Saturday, December 11, 2021

Ayn Rand On Why We Need To Know How To Live




 On Pages 26, 27 and 28 of her book, The Virtues Of Selfishness, Ayn Rand contrasts animals and humans, advising that the later need to live by reasoning how to live well with a plan for their entire lives, decades into the future: "Man cannot survive, like an animal, by acting on the range of the moment. An animal's life consists of a series of separate cycles, repeated over and over again, such as the cycle of breeding its young, or of storing food for the winter; an animal's consciousness cannot integrate its entire lifespan; it can carry just so far, then the animal has to begin the cycle all over again, with no connection to the past. Man's life is a continuous whole: for good or evil, every day, year and decade of his life holds the sum of all the days behind him. He can alter his choices, he is free to change the direction of his course, he is even free in many cases, to atone for the consequences of his past--but he is not free to escape them, nor live his life with impunity on the range of the moment, like an animal, like a playboy or thug. If he is to succeed at the task of survival, if his actions are not to be aimed at his own self-destruction, man has to choose his course, his goals, his values in the context and terms of a lifetime. No sensations, percepts, urges or 'instincts' can do it; only a mind can."

My response: This is a rich paragraph. Humans are to use their mind to discover what they want to do with their lives; they are to have a life plan and work over the decades to make it a reality and their reality. What they did yesterday will follow them, and color and shape their tomorrows. If they did good, yesterday, tomorrow looks brighter. If all their yesterdays are filled with evil deeds, perhaps prison is their only future.

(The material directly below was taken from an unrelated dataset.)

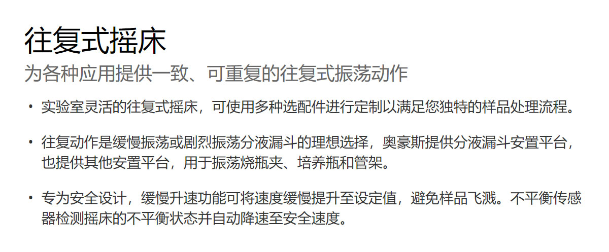 奧豪斯往復式搖床專為需要結(jié)果準確、重現(xiàn)性好的各種應用而設計,包括細胞培養(yǎng)和提取等,振蕩動作一致、均勻。振蕩動作行程長度19mm,永久潤滑的滾珠軸承及無需維護的無刷直流電機確保運行可靠、且連續(xù)工作。

Rand continues:  ". . . 'Man's survival qua man' means the terms, methods, conditions and goals required for the survival of a rational being through the whole of his lifespan--in all those aspects of existence which are open to his choice . . .  Man must be man by choice--and is the task of ethics to teach him how to live like a man. The Objectivist ethics holds man's life as the standard of value--and his own life as the ethical purpose of every individual man."

My response: For Rand, ethics is egoistic, Aristotelian, and teleological. Youngsters must be taught to love themselves and place their own interests as individuals first. Rand the atheist detects that human life is short, and, from her point of view, there is no next world, so she puts all her eggs in one basket: this brief human life span is all that any of us have, so we must early latch onto a life goal, and not waste that life. The thinking moral agent can do good, which is to make something of his life while enjoying his life. It is but a short step from there to my ethics of maverizing, which is why I generally regard Rand with favor.

Rand continues: "Value is that which acts to gain/or keep--virtue is the act by which one gains and/or keeps it. The cardinal values of the Objectivist ethics--the three values, which, together, are the means to and the realization of one's ultimate value, one's own life--are Reason, Purpose, Self-Esteem, with their three corresponding virtues: Rationality, Productiveness, Pride.

Productive work is the central purpose of a rational man's life, the central value that integrates and determines the hierarchy of his other values. Reason is the source, the precondition of his productive work--pride is the result.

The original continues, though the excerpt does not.